Dwight creates his own story of Eduardo’s troubles, and we begin to understand how empathy–sonder, to be more precise–works, this awakening to how everyone you meet on the street shares your sadness and complexity. The details aren’t as important as the realization. It’s a dangerous thing for a predator to develop–its own kind of terminal illness. A predator can’t continue to be a predator once so infected. Jessie warns Dwight that this whore she’s bagged didn’t go easy, so the corpse is a little messy as she props it against the kitchen table. Then she yanks out a gold filling and wonders how much it might be worth. Seeing the little things he once treasured about a lover’s body in a horrible, post-mortal context causes Dwight’s illness of the heart to metastasize. It spreads to his hands, slows them when they need to be quick. It dims his vision when it needs to be vivid, his wits when they need to be sharp. Dwight starts thinking about leaving; Jessie refuses to allow it. Thomas, well–Thomas is very tired. The burden of having others tend to you is, for a depressed person, sometimes the final, insurmountable upset.
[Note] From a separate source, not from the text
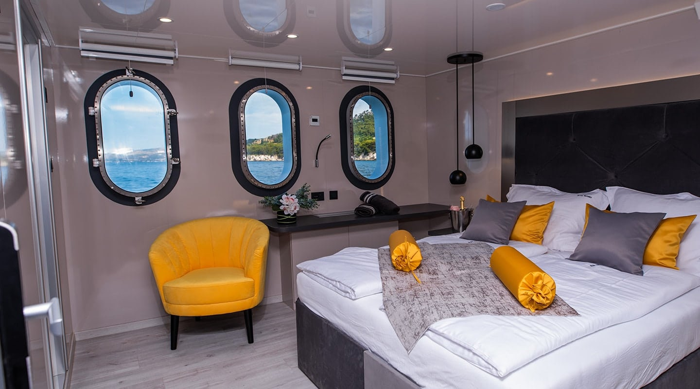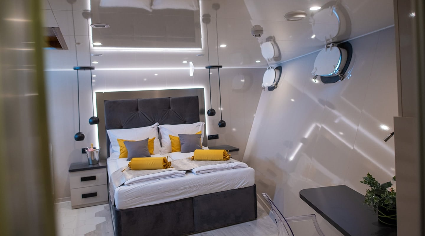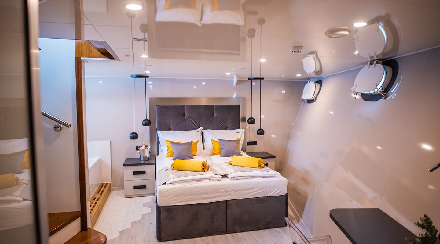 This yacht accommodates 30 guests sleeping. There are 15 cabins including a master suite, ten double cabins, and four twin cabins. These cabins are very comfortable and spacious. The color theme is white, grey, and, yellow. Some of the en-suites have a bathtub. There is room to accommodate up to 11 crew. This ensures that all your needs can be looked after while onboard.

My Heart is beautiful and horrible in exactly the way decrepitude and illness can be. As the string of a lifetime plays out, we see signs daily of how little time our most precious loved ones have left–and they see the same in us. The picture is also about what happens when we open ourselves up to a larger world of possibilities; about how taking chances that others will not betray you (like poor Eduardo, twice-deceived) will sometimes lead to heartbreak yet sometimes leads to friends you’ll keep for the rest of your life. Connection is difficult, but it’s the only thing valuable enough to risk so much for, while insularity and blind adherence to rituals and routine inevitably lead to madness in isolation. There’s an obvious lesson here as we fight losing battles against cults of personality and apocalypses–My Heart‘s message seems to be how our best hope is to force empathy on monsters. When they’re able to see the homeless, the immigrants, the sex workers as human beings who fear, long, dream, that’s the point at which we take our next steps as a species. It’s possible, however bleak the outlook. My Heart ends with Dwight at the edge of a lake–maybe it’s the Great Salt Lake–on a rocky beach, elated at a moment’s respite away from his responsibilities. And then he looks down and to the left, like something is calling to him, pulling him from behind as strongly as the water has beckoned him towards it. And then we’re left to sort it out by ourselves, in the dark, the first tentative cries of our neglected better selves our only company.